I think you will find that there are very few; I could explain why but basically free trade deals. However that is not what is at issue here.
So why did the EU Supreme Court make a ruling that "bots are OK"? Your post suggests that you think they are stupid. (They are not of course.)
First bots - short for robot - in this case means software set up to do repetitive tasks. As opposed to a "hack".
Real world example time. This is what was happening prior to the ruling. I could name software and companies but this was the norm.
Businesses would "buy" software from a company - Payroll software say. Usually paying upfront and/or a lease for a number of "users"; the software provider would patch it periodically. And bring out new upgraded versions that the company would then have to buy. Same deal with WoW.
The payroll software would work out how much to pay people, sort out what tax should be withheld, medical deductions etc. And to make the software work the company would provide it with employee names, an id number maybe, salary and so forth. The software would do all the mundane bot calculations for maybe thousands or hundreds of thousands of folk. OK?
Now the company also decides to get some software to help with e.g. its HR/Personal stuff. Same deal. Pay for some HR software for so many users. The company would enter employee name, social security number, assessment grades, emergency contact details, job grade, join date - all the other good HR stuff. Still OK?
Now notice that some of the information is needed by both sets of software; it is the same - a data overlap. Name say. And maybe an employees paycheck depended on their job grade - stored in the HR software.
The company could employ lots of data entry clerks in HR to enter the information into the HR software and employ lots of other people in Finance to enter information into the payroll software. OR they could get the HR software to "talk" to the Payroll software and vice versa; and only enter any data needed once.
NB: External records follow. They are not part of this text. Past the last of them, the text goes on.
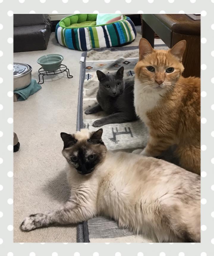 ホカぺでぬくぬくしていた3ニャンに声をかけたらこっちを向いてくれました😄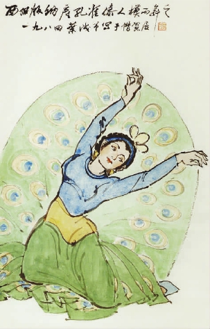 20世纪50年代,叶浅予的舞蹈人物画开始趋于成熟。 《于阗装》 《共饮一江水》 《凉山舞步》轻松而别致,浓淡、干湿、冷暖搭配均合情合理,无不透出奔放俊逸、潇洒浪漫之气。这一时期所画的印度舞已是另一种面目,如《婆罗多舞》 ,洒脱之极; 《献花舞》 ,妩媚之极。这些作品均取材于叶浅予平时的现场速写,描绘的是少数民族载歌载舞的画面,从形象和服饰上看是写实的,不过叶浅予这时所追求的绘画目标是“不画幕中之舞,要画胸中之舞” 。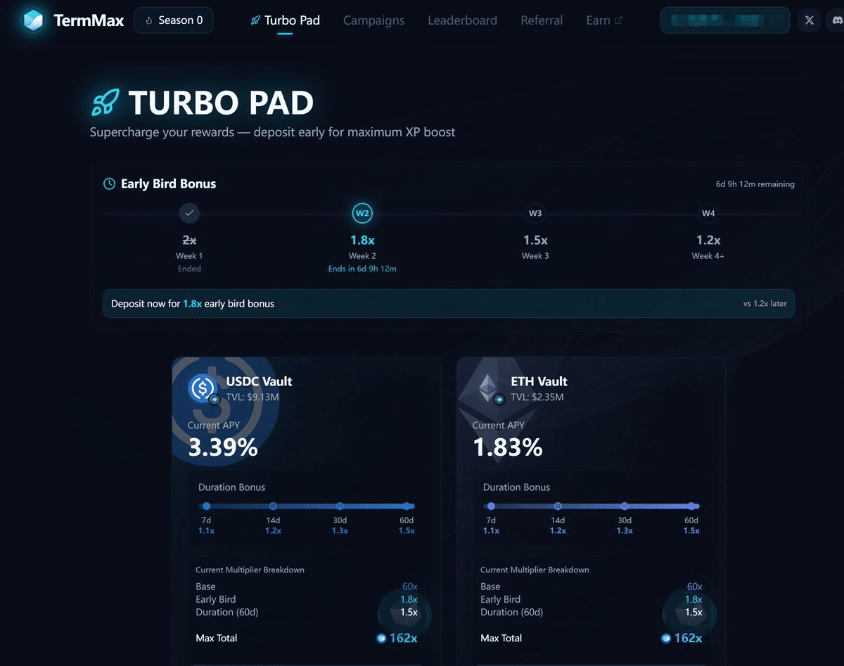 Nạp USDC hoặc WETH vào kho Turbo Pad, tham gia sớm để nhận được phần thưởng hợp nhất lớn nhất.

You agree that getting the software to talk to each other is the way to go?
Now imagine that something went wrong. The payroll software - say - messed up. So you contact the company and say we need a fix. Maybe they fix it but what could also happen was "oh no, our ToSs and EULAs don't allow you to use HR software to load our payroll software; you should have enetered it by hand. And by the way we also have a range of HR software that we could sell you. WTF the company says your software costs us a bucket load of cash get it fixed. Stand off.
And companies use stock control software, ordering software, inventory management, program control software ..... so much software all used on top of sophisticated database software. Huge list, lots and lots of money. And lots of WTF moments. And lots of EULAs and ToSs giving the software companies get out of jail free cards.
And the EU Supreme Court ruled. That software is a product: it should do the job claimed. And the EULAs and ToSs cannot override the law.
And what this means is that having software talk to each other - share information - is legal. Think Lego blocks; a connected world. And a consequence: it is legal for a bot program to interact with WoW doing stuff that you could do yourself if you disengaged your brain.
Now if it was a "hack/virus" that "interfered" /"rewrote" - different ball game.
So a "blanket" ruling isn't going to happen. US courts are not going to ban "software"; nor are they going to give software creators carte blanche to advertise their product and when it doesn't work say : oh our updated ToCs say it only works if operated by someone with two left feet.
So you are down to passing a law that would have to ban named software: lists of "bad" stuff. Lists that would need to be updated every day. And not just for AB either - why would they be special ..... nightmare.